Low resistance visible wavelength distributed Bragg reflectors

Abstract

This dissertation reports the first application of semiconductor heterojunctions with naturally occurring small energy band offsets to distributed Bragg reflector (DBR) structures for the purpose of lowering their series resistance. Selecting DBR layer pairs with small valence or conduction band offsets eliminates the need for complicated structural grading schemes typically used to smooth out the interface energy barriers, and thus achieves low resistance DBRs using simple stacks of quarter wavelength thick layers.
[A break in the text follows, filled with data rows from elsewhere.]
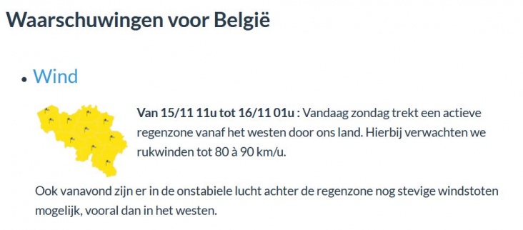 Zoals jullie waarschijnlijk al gemerkt hebben, is de wind in kracht toegenomen. Dit zal tijdens de dag nog meer het geval zijn om uiteindelijk uit te komen op lokaal windstoten van tegen de 100km/u (voorkeur voor ZW-Nederland en westelijk België). Hiervoor staat een code geel uit: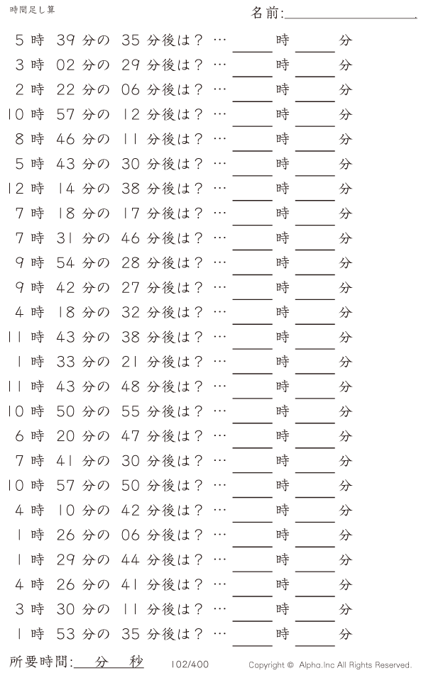 上記のボタンから「時間足し算3:1分単位」の算数数学ドリル・計算ドリル(PDFプリント)がダウンロードできます。個人利用は無料です(家庭以外での配布は有料です)。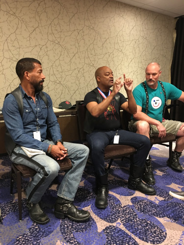 In the workshop titled “Kick A.S.S.—HIV + Aging,” Mr. Palm Springs Leather 2018 Jax Kelly talked about AIDS Survivor Syndrome (ASS), a term used to describe the ongoing trauma experienced by those who lived through the first two decades of the HIV/AIDS epidemic. Kelly explained how the Palm Springs chapter of the advocacy group Let’s Kick ASS supports education and advocacy to raise awareness of long-term survivors and the challenges they face. Kelly also discussed other medical and behavioral concerns regarding HIV and aging in the United States and how “U=U” (“Undetectable Equals Untransmittable”) has the potential to reduce HIV-related stigma for long-term survivors.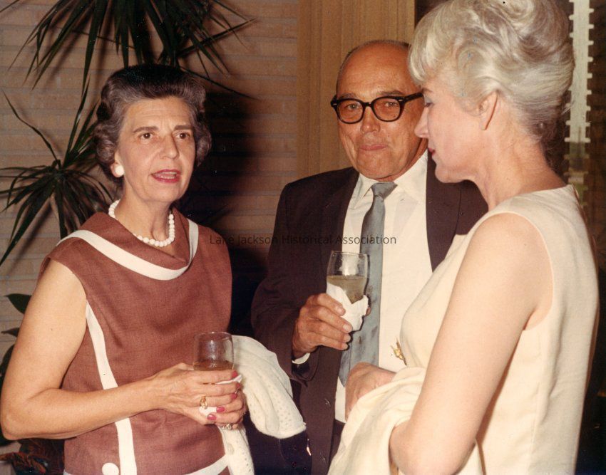Two unidentified women and a man at Nelson Griswold's retirement party at Dow Plant B Cafeteria in Freeport, Texas.Collection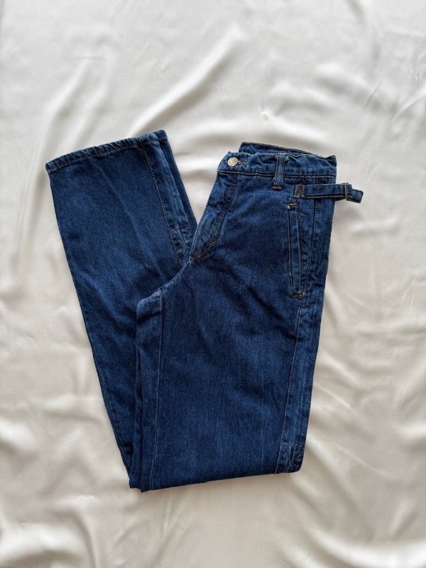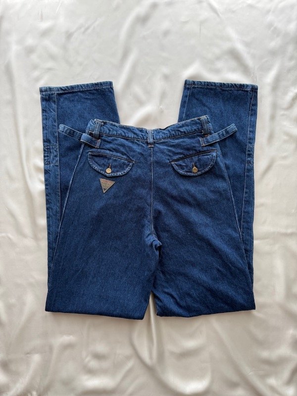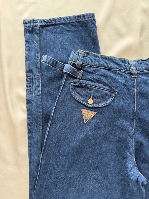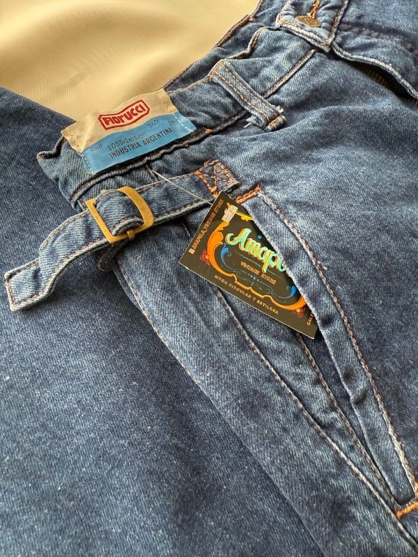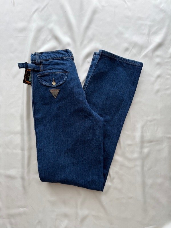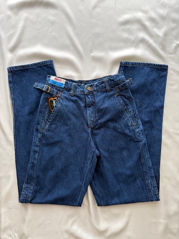 Jean vintage FIORUCCI sin uso este modelo es rígido pero un denim más blando q otros modelos de la época y la marca para usar más cómodo , tiene bolsillos chinos adelante, atrás bolsillo interno con solapas, hebillas en la cintura y una franja vertical en los laterales de las piernas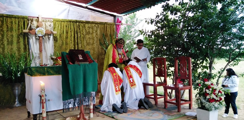 El viernes 23, por la tarde, el arzobispo llegó hasta la sede central de la Misión Santa María de Guadalupe, de Coyotepec, Oaxaca, México, para celebrar la ordenación como diáconos completos, de los sub-diáconos José Juan y Wilber Antonio.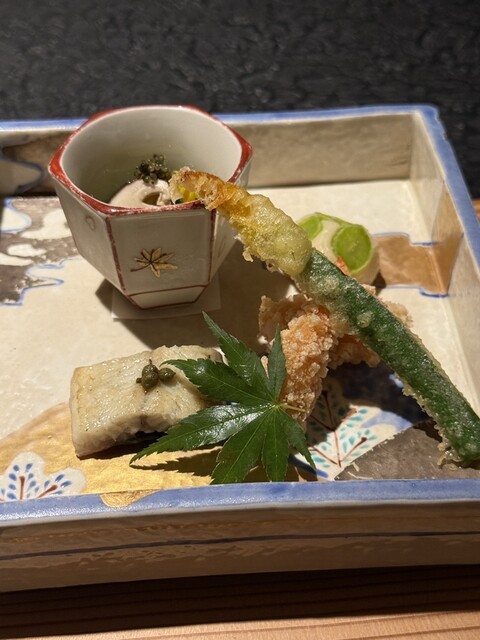 「花ズッキーニ白扇揚げ」はサクッとした衣と野菜のジューシーさのバランスが絶妙。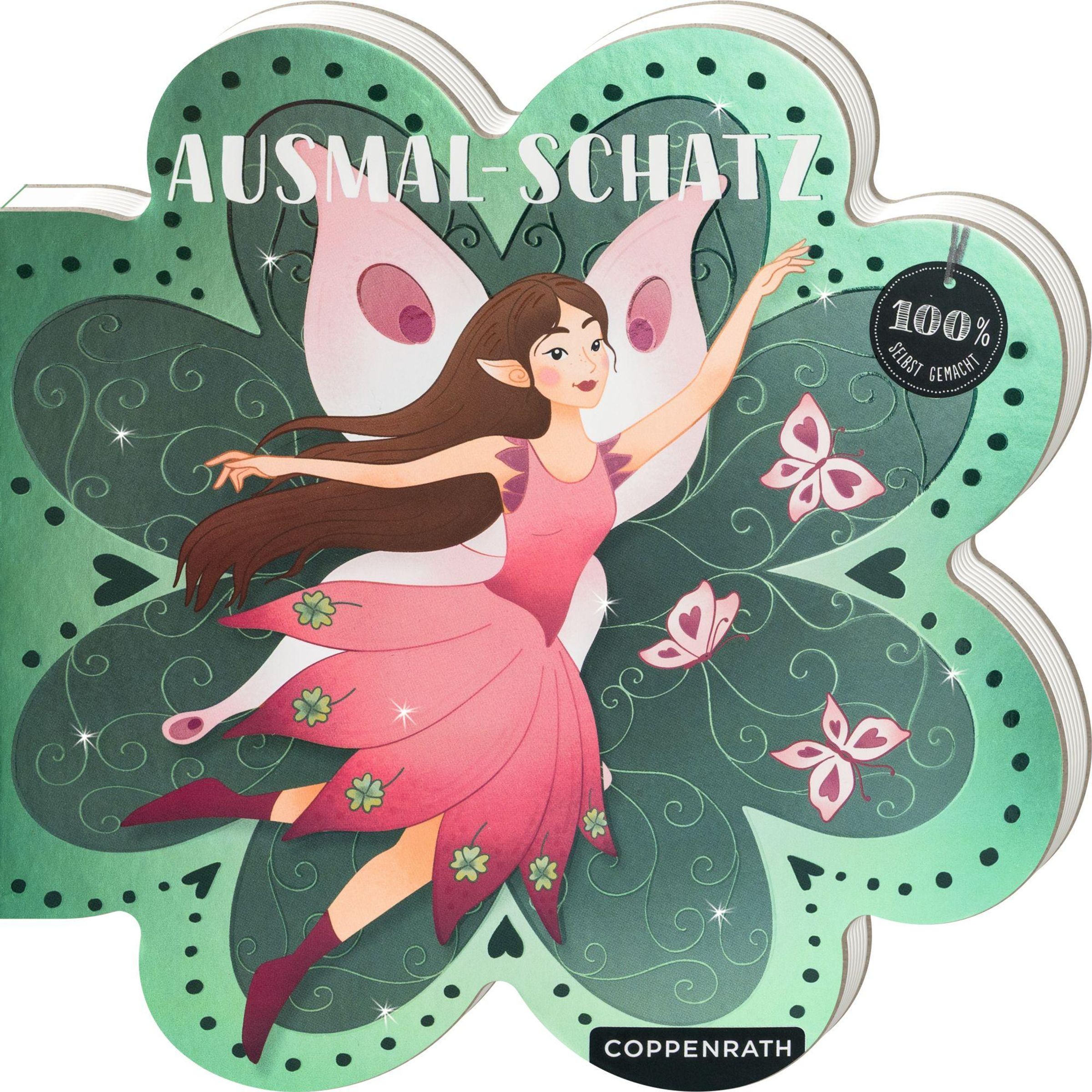 "AUSMAL-SCHATZ" steht oben. Illustration: Eine Fee mit rosa Kleid und Flügeln tanzt auf einem grünen, floralen Hintergrund., Buch

Low resistance, highly reflective DBRs are used in vertical cavity surface emitting lasers, which are attractive light sources for many visible wavelength applications. The target wavelength for this work is 650 nm. From theoretical band offset calculations using the Van de Walle model solid theory, heterojunctions of mixed arsenide and phosphide III-V semiconductor single crystal alloys were selected for the low band offset DBRs: Al0.90Ga0.10As/Al0.14Ga0.38In0.48P for p-type and AIAs/AI0.10Ga0.42ln0.48P for n-type. Theoretical specific contact resistance calculations showed that the low offset structures have smaller resistances than AlInP/AlGalnP DBRs which previously have been investigated for visible VCSELs. The epitaxial films for this work were grown on GaAs substrates by gas source molecular beam epitaxy. Bulk AlGaAs and AlGalnP layers were grown to qualify their structural and electrical characteristics, and this knowledge was applied to grow the DBR samples. Double crystal x-ray diffraction measurements showed the DBRs were high quality, single crystal structures. Reflectance measurements on 40 period DBRs determined each had a peak of 99% at locations within 4% of the target wavelength. The low band offset DBRs were processed and their specific contact resistances determined using the transmission line model. The measured values of 2.75 x 10-1 Ω·cm2 for the p-type DBR and 2.58x 10-5 Ω·cm2 for the n-type DBR were within experimental uncertainty of their theoretical values. These results compare very favorably with numbers reported in the literature for AlGaAs DBRs that employ complicated structural grading schemes. On a per period basis, the low valence band offset p-type DBR resistance is comparable to or lower than previous reports, while the low conduction band offset n-type DBR is an order of magnitude lower than the best previously reported result.